» **Required work**: Repeat word for word the lines starting at the one with "ๆ ยังน่ารักมากมายค่ะ เพิ่งเปลี่ยนถ่านมานะคะ" and ending at the final line of the material, both ends included; omit pictures.

» **Data for this exercise**:
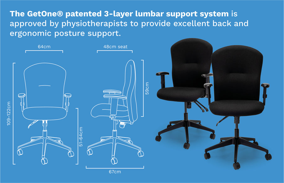 Our GetOne® Mid Back office chairs are designed with your body in mind and offer support for all shapes and sizes. The patented 3-layer foam system maintains constant support of the curvature of the spine. That means reduced back pain, improved posture, and greater productivity at your desk.
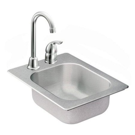Moen 22245 Camelot Stainless Steel 20 Gauge Single Bowl Drop in Sink with Faucet, Stainless
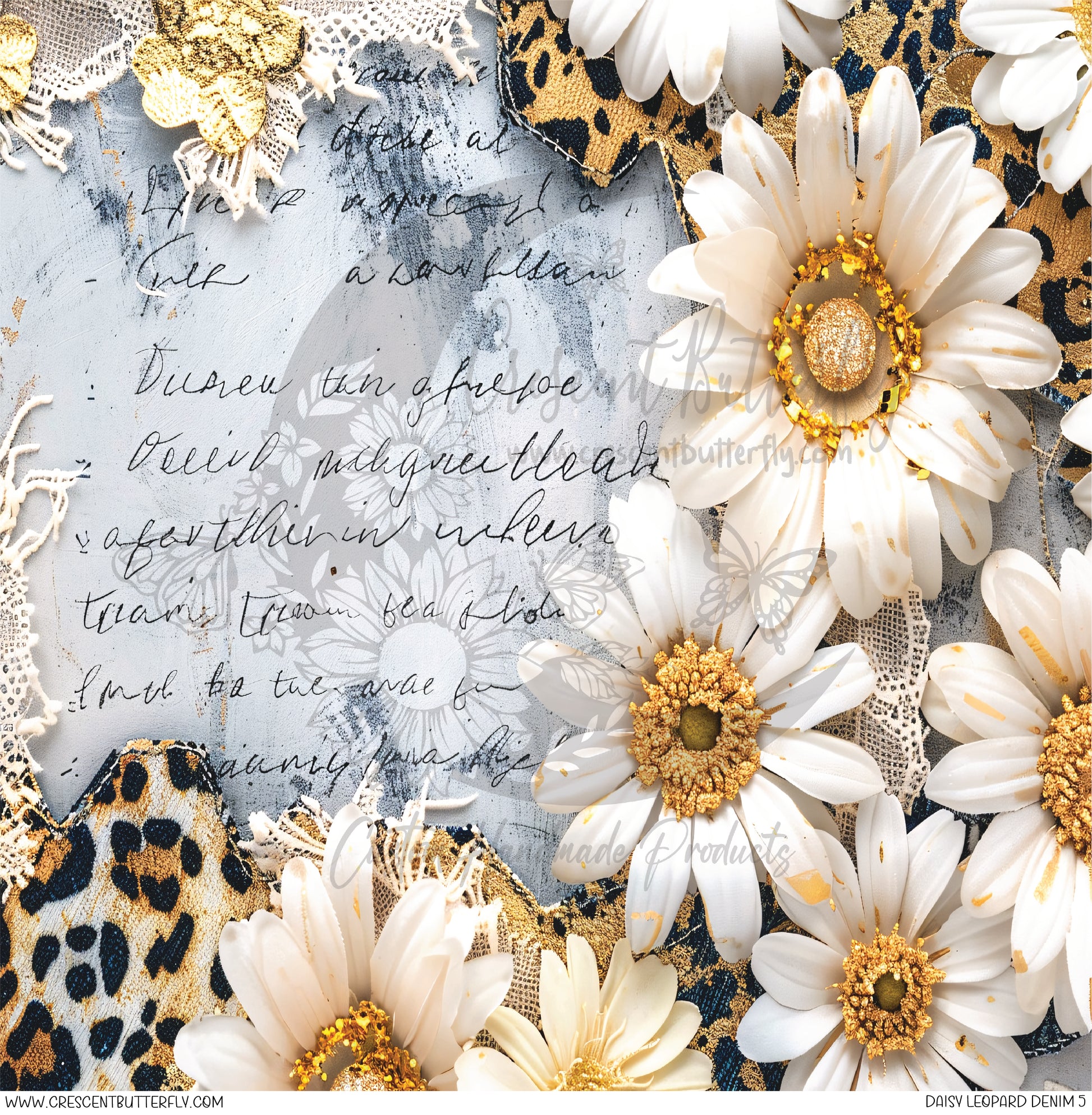 Daisy Leopard Denim 5 Printed Vinyl Sheet/Wrap
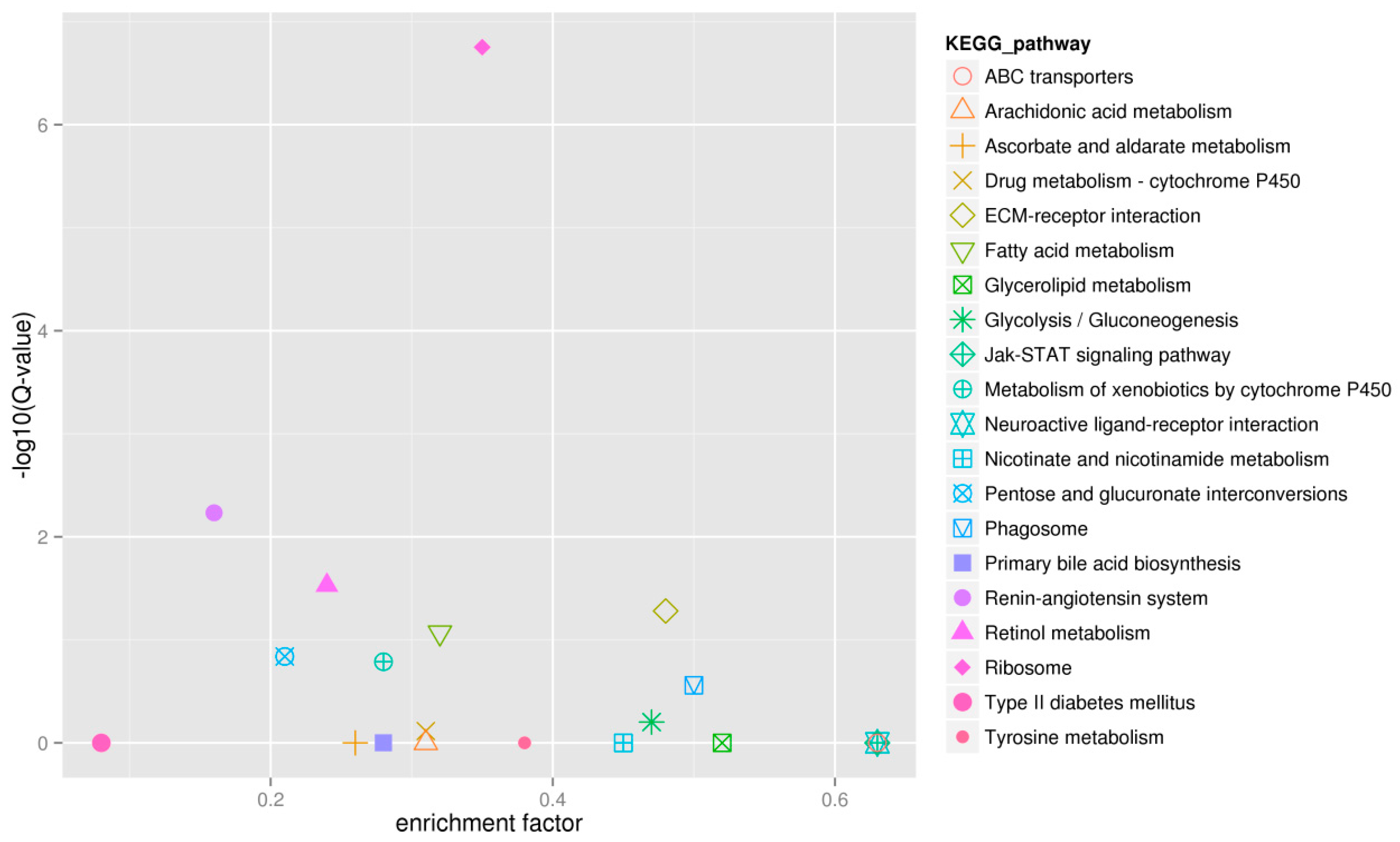 KEGG pathway annotation enabled us to assign 398 DEGs to 157 pathways. Pathway enrichment analysis identified the first ten enriched pathways including Ribosome (Ko03010), Renin-angiotensin system (Ko04614), Retinol metabolism (Ko00830), ECM-receptor interaction (Ko04512), Fatty acid metabolism (Ko00071), Pentose and glucuronate interconversions (Ko00040), Metabolism of xenobiotics by cytochrome P450 (Ko00980), Phagosome (Ko04145), Glycolysis/Gluconeogenesis (Ko00010) and Drug metabolism-cytochrome P450 (Ko00982). These enriched pathways had functions in cell proliferation, steroidogenesis activity, receptor binding, and energy metabolism, which might convey the differences of ovarian tissues developmental process between diploid and tetraploid loaches. The first twenty enriched pathways are shown in Figure 7.
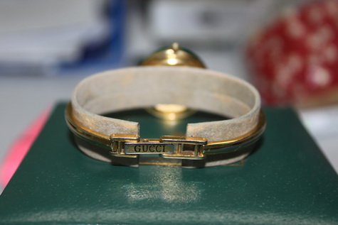 [SIZE="4"]GUCCI Watch สีทองรุ่นเปลี่ยนกรอบได้ค่ะ สภาพตามรูปนะคะ มีลอกบ้างด้านตามการใช้งาน แต่รวม ๆ ยังน่ารักมากมายค่ะ เพิ่งเปลี่ยนถ่านมานะคะ
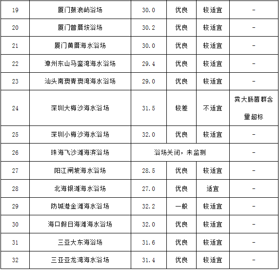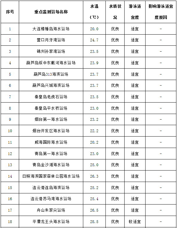 大連棒棰島海水浴場、營口月牙灣浴場、錦州孫家灣浴場、葫蘆島綏中東戴河海水浴場、葫蘆島313海濱浴場、葫蘆島興城海濱浴場、秦皇島老虎石浴場、秦皇島平水橋浴場、煙臺(tái)第一海水浴場、煙臺(tái)開發(fā)區(qū)海水浴場、威海國際海水浴場、青島第一海水浴場、青島金沙灘海水浴場、日照海濱國家森林公園海水浴場、連云港連島海濱浴場、連云港蘇馬灣海水浴場、舟山朱家尖浴場、平潭龍王頭海水浴場、廈門鼓浪嶼浴場、廈門曾厝垵浴場、廈門黃厝海水浴場、漳州東山馬鑾灣海水浴場、汕頭南澳青澳灣海水浴場、深圳小梅沙海水浴場、陽江閘坡海水浴場、北海銀灘海水浴場、?诩偃蘸┖K觥⑷齺喆髺|海浴場、三亞亞龍灣海水浴場共29個(gè)海水浴場水質(zhì)優(yōu)良。

» **Answer for the task**:
 [SIZE="4"]GUCCI Watch สีทองรุ่นเปลี่ยนกรอบได้ค่ะ สภาพตามรูปนะคะ มีลอกบ้างด้านตามการใช้งาน แต่รวม ๆ ยังน่ารักมากมายค่ะ เพิ่งเปลี่ยนถ่านมานะคะ
 大連棒棰島海水浴場、營口月牙灣浴場、錦州孫家灣浴場、葫蘆島綏中東戴河海水浴場、葫蘆島313海濱浴場、葫蘆島興城海濱浴場、秦皇島老虎石浴場、秦皇島平水橋浴場、煙臺(tái)第一海水浴場、煙臺(tái)開發(fā)區(qū)海水浴場、威海國際海水浴場、青島第一海水浴場、青島金沙灘海水浴場、日照海濱國家森林公園海水浴場、連云港連島海濱浴場、連云港蘇馬灣海水浴場、舟山朱家尖浴場、平潭龍王頭海水浴場、廈門鼓浪嶼浴場、廈門曾厝垵浴場、廈門黃厝海水浴場、漳州東山馬鑾灣海水浴場、汕頭南澳青澳灣海水浴場、深圳小梅沙海水浴場、陽江閘坡海水浴場、北海銀灘海水浴場、?诩偃蘸┖K觥⑷齺喆髺|海浴場、三亞亞龍灣海水浴場共29個(gè)海水浴場水質(zhì)優(yōu)良。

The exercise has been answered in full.